Deploy with vLLM

Once you've compressed your model using LLM Compressor, you can deploy it for efficient inference using vLLM. This guide walks you through the deployment process, using the output from the Compress Your Model guide. If you haven't completed that step, change the model arguments in the code snippets below to point to your desired model.

vLLM is a high-performance inference engine designed for large language models, providing support for various quantization formats and optimized for both single and multi-GPU setups. It also offers an OpenAI-compatible API for easy integration with existing applications.

Prerequisites

Before deploying your model, ensure you have the following prerequisites: - Operating System: Linux (recommended for GPU support) - Python Version: 3.9 or newer - Available GPU: For optimal performance, it's recommended to use a GPU. vLLM supports a range of accelerators, including NVIDIA GPUs, AMD GPUs, TPUs, and other accelerators. - vLLM Installed: Ensure you have vLLM installed. You can install it using pip:

pip install vllm

Python API

vLLM provides a Python API for easy integration with your applications, enabling you to load and use your compressed model directly in your Python code. To test the compressed model, use the following code:

from vllm import LLM

model = LLM("./TinyLlama-1.1B-Chat-v1.0-INT8")
output = model.generate("What is machine learning?", max_tokens=256)
print(output)

After running the above code, you should see the generated output from your compressed model. This confirms that the model is loaded and ready for inference.

HTTP Server

vLLM also provides an HTTP server for serving your model via a RESTful API that is compatible with OpenAI's API definitions. This allows you to easily integrate your model into existing applications or services. To start the HTTP server, use the following command:

vllm serve "./TinyLlama-1.1B-Chat-v1.0-INT8"

By default, the server will run on localhost:8000. You can change the host and port by using the --host and --port flags.
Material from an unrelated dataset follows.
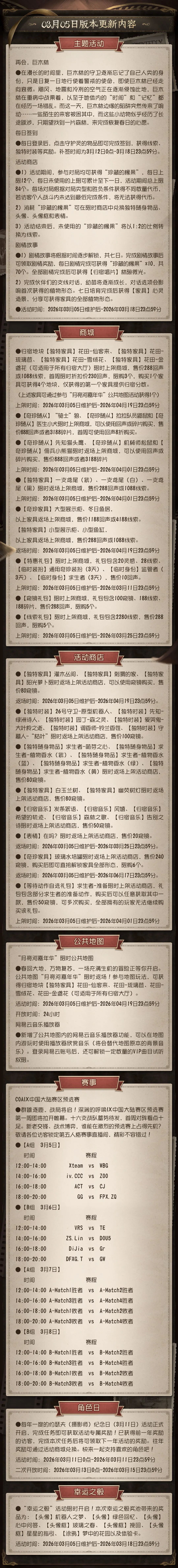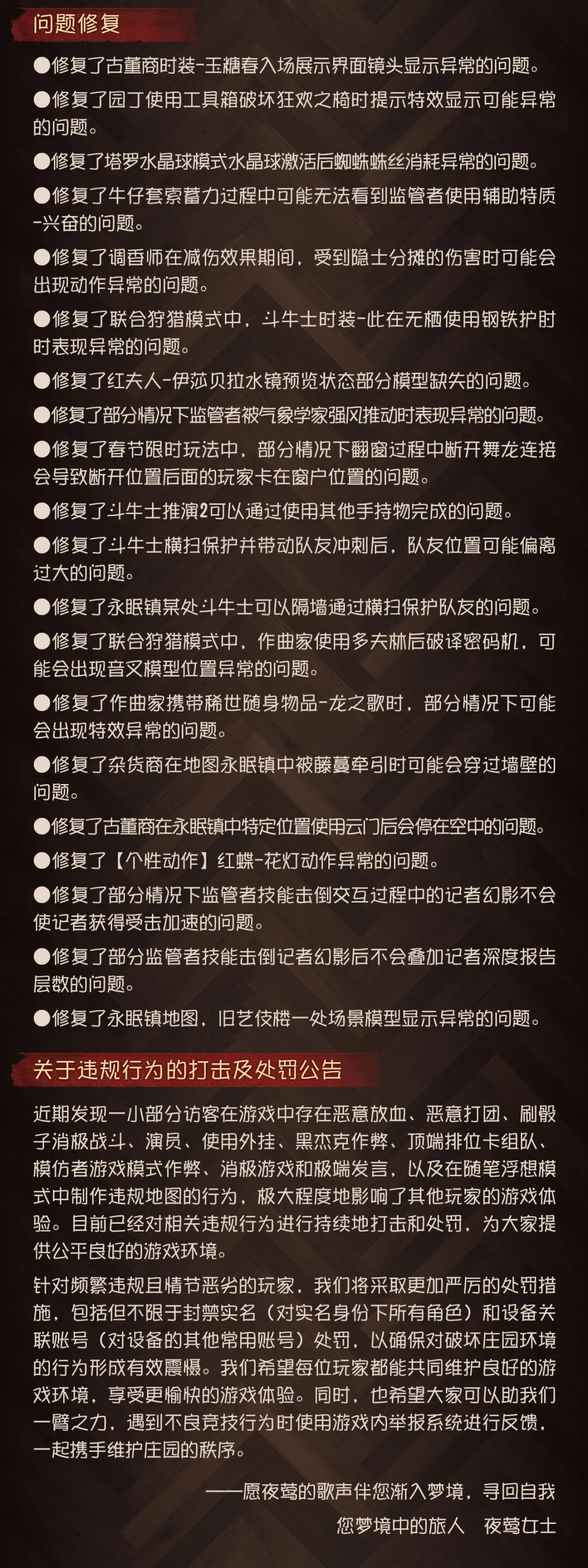 为保证庄园的稳定运行,【第五人格】将于周四上午07:30进行不停服维护。

Now that the server is running, you can send requests to it using any HTTP client. For example, you can use curl to send a request:

curl -X POST http://localhost:8000/v1/chat/completions \
    -H "Content-Type: application/json" \
    -d '{
        "model": "TinyLlama-1.1B-Chat-v1.0-INT8",
        "messages": [{"role": "user", "content": "What is machine learning?"}],
        "max_tokens": 256
    }'

This will return a JSON response with the generated text from your model. You can also use any HTTP client library in your programming language of choice to send requests to the server.